>>

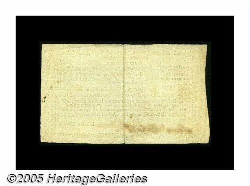 <B>New Hampshire November 3, 1775 40s Very Fine-Extremely Fine.</B></I> Forty Shillings notes of this emission are listed as contemporary counterfeits by Newman, but these notes were properly printed and signed in the shop of the man who printed the genuine notes. These notes have always been collected as avidly as the genuinely issued pieces, and this is a nice example. It is beautifully margined and clean. Also, the vertical center fold reveals approximate quarter-inch splits at each end. New Hampshire notes are the rarest of the original Thirteen Colonies (Vermont, the really rare one, was the fourteenth state.)
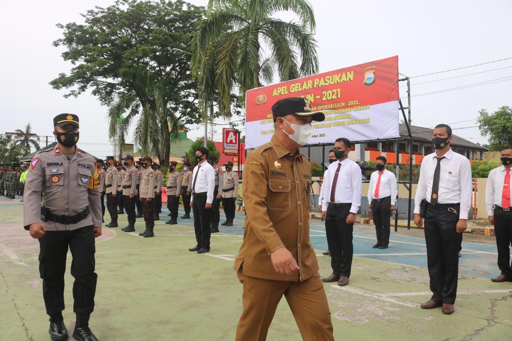 LUWU TIMUR – Bupati Luwu Timur, H. Budiman menjadi Inspektur Upacara saat Apel Gelar Pasukan Operasi Lilin-2021 di Halaman Polres Lutim, Kamis (23/12/2021). Bupati mengatakan, ini bukan apel rutin tahunan biasa. Apel ini merupakan pengecekan akhir persiapan pasukan dan misi pengamanan Natal dan Tahun Baru. Sebab pada momen tersebut di pastikan ada peningkatan aktivitas masyarakat di tempat keramaian.
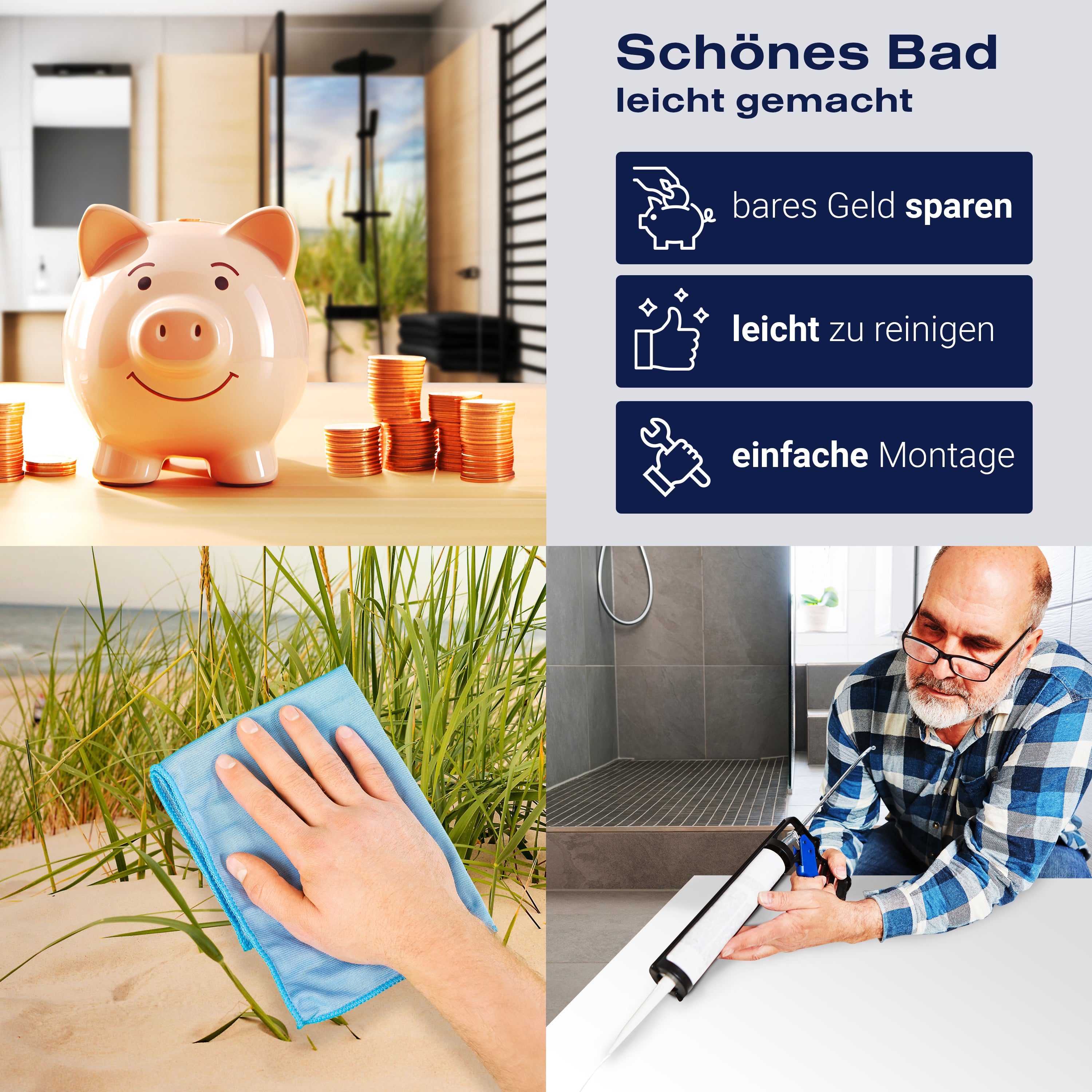 Diese Materialien bieten im Vergleich zu traditionellen Fliesen mehrere Vorteile. Sie haben eine fugenlose Oberfläche, was bedeutet, dass sie weniger anfällig für Schimmelbildung und leichter zu reinigen sind, da sich Schmutz und Kalk nicht in Fugen festsetzen können. Darüber hinaus ermöglichen sie eine schnelle und einfache Renovierung, da sie direkt über bestehenden Fliesen montiert werden können, was Zeit und Kosten spart

<<

Transcribe everything above exactly. Do not include the pictures.

 <B>New Hampshire November 3, 1775 40s Very Fine-Extremely Fine.</B></I> Forty Shillings notes of this emission are listed as contemporary counterfeits by Newman, but these notes were properly printed and signed in the shop of the man who printed the genuine notes. These notes have always been collected as avidly as the genuinely issued pieces, and this is a nice example. It is beautifully margined and clean. Also, the vertical center fold reveals approximate quarter-inch splits at each end. New Hampshire notes are the rarest of the original Thirteen Colonies (Vermont, the really rare one, was the fourteenth state.)
 LUWU TIMUR – Bupati Luwu Timur, H. Budiman menjadi Inspektur Upacara saat Apel Gelar Pasukan Operasi Lilin-2021 di Halaman Polres Lutim, Kamis (23/12/2021). Bupati mengatakan, ini bukan apel rutin tahunan biasa. Apel ini merupakan pengecekan akhir persiapan pasukan dan misi pengamanan Natal dan Tahun Baru. Sebab pada momen tersebut di pastikan ada peningkatan aktivitas masyarakat di tempat keramaian.
 Diese Materialien bieten im Vergleich zu traditionellen Fliesen mehrere Vorteile. Sie haben eine fugenlose Oberfläche, was bedeutet, dass sie weniger anfällig für Schimmelbildung und leichter zu reinigen sind, da sich Schmutz und Kalk nicht in Fugen festsetzen können. Darüber hinaus ermöglichen sie eine schnelle und einfache Renovierung, da sie direkt über bestehenden Fliesen montiert werden können, was Zeit und Kosten spart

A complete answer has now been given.